People abuse PCP in an attempt to experience euphoria and other positive effects, such as these feelings:[1]

  • Superhuman strength
  • Power
  • Sexual prowess
  • Self-confidence

The drug is known on the street as angel dust, and it’s available as a powder, tablet, liquid, and crystal.

What Are Common Signs & Symptoms of PCP Abuse?

The higher the level of use, the more intense and varied the symptoms tend to be.
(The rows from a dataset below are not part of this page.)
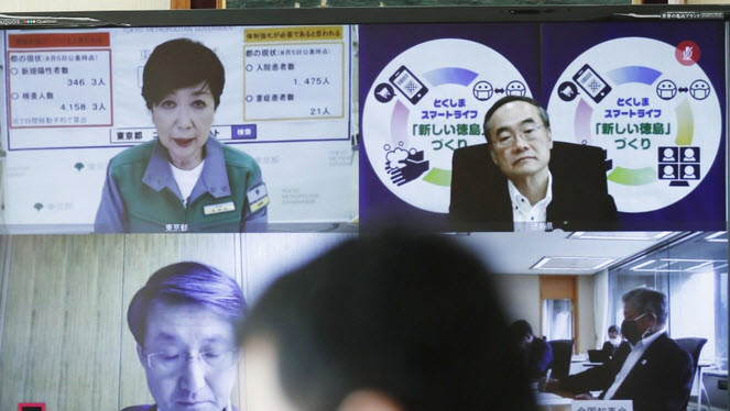 Thirty-six of the 47 governors who participated in the meeting also exchanged views on six types of data to assess the spread of infections shown by a government advisory panel the previous day, including hospital bed occupancy rates, the percentage of people testing positive, and the weekly tally of newly reported infections per 100,000 people.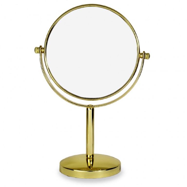 - Ogledalo stono zlatno. Uveličavajuća strana ogledala je x7. Pakovano je u poklon kutiju. U galeriji fotografija su vam prikazane tačne dimenzije.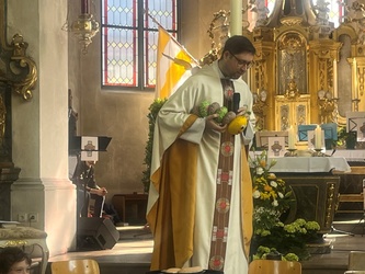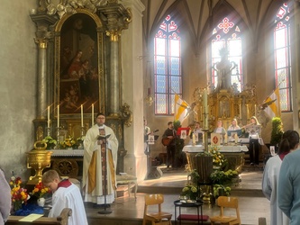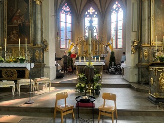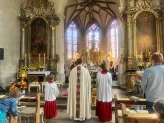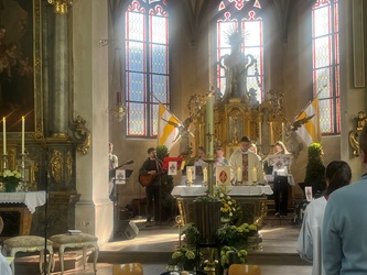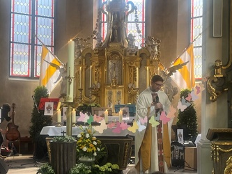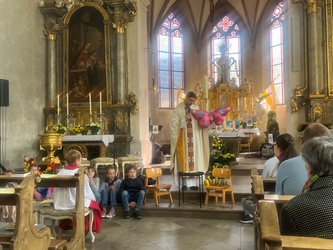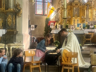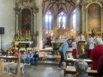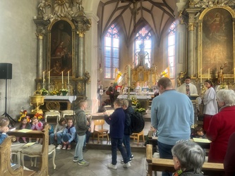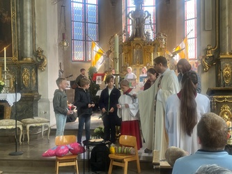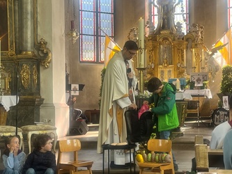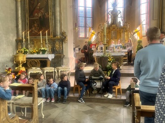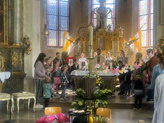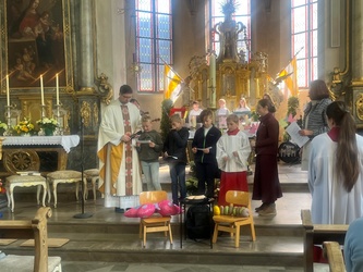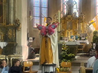 Schwungvoll startete der Familiengottesdienst mit dem Thema der Emmausjünger. Die "MMM-Band" (Martin-Mega-Mini-Band) begleitete den Gottesdienst mit modernen Liedern und alle freuen sich bereits jetzt auf weitere Gottesdienste. Alle Kinder waren nach ganz vorne auf den Treppenstufen vor dem Altar eingeladen Platz zu nehmen, um das Evangelium der Emmausjünger aus nächster Nähe zu hören und sehen. Mehrere Kinder spielten pantomimisch die Geschichte und brachten dazu einen großen Rucksack mit. Geheimnisvoll - was wohl noch im Rucksack verborgen war? Eine große Raupe kam zum Vorschein. Was hat die Raupe mit Ostern zu tun?

These are common signs and symptoms of PCP abuse:[1-3] 

  • Slurred speech
  • Loss of motor coordination
  • Raised blood pressure
  • Difficulty breathing or very shallow and abnormal respiratory patterns
  • Excessive sweating
  • Elevated heart rate
  • The feeling of numbness, particularly in the limbs
  • Seizure
  • Dissociation (feeling detached from yourself or your surroundings)
  • Hallucinations and delusions
  • Paranoia
  • Strong feelings of fear and anxiety 
  • Confusion
  • Problems with mood regulation 
  • Feeling that things are not real
  • Risk-taking, increased impulsivity, and increased sensation-seeking behaviors
  • Decline in self-care behaviors 
  • Withdrawal from social situations 
  • Aggression and hostility

What Are the Dangers of PCP?

There are many risks associated with the use of PCP. While most problems compound with longer periods of use and higher doses, risks are present even if you only take the drug once.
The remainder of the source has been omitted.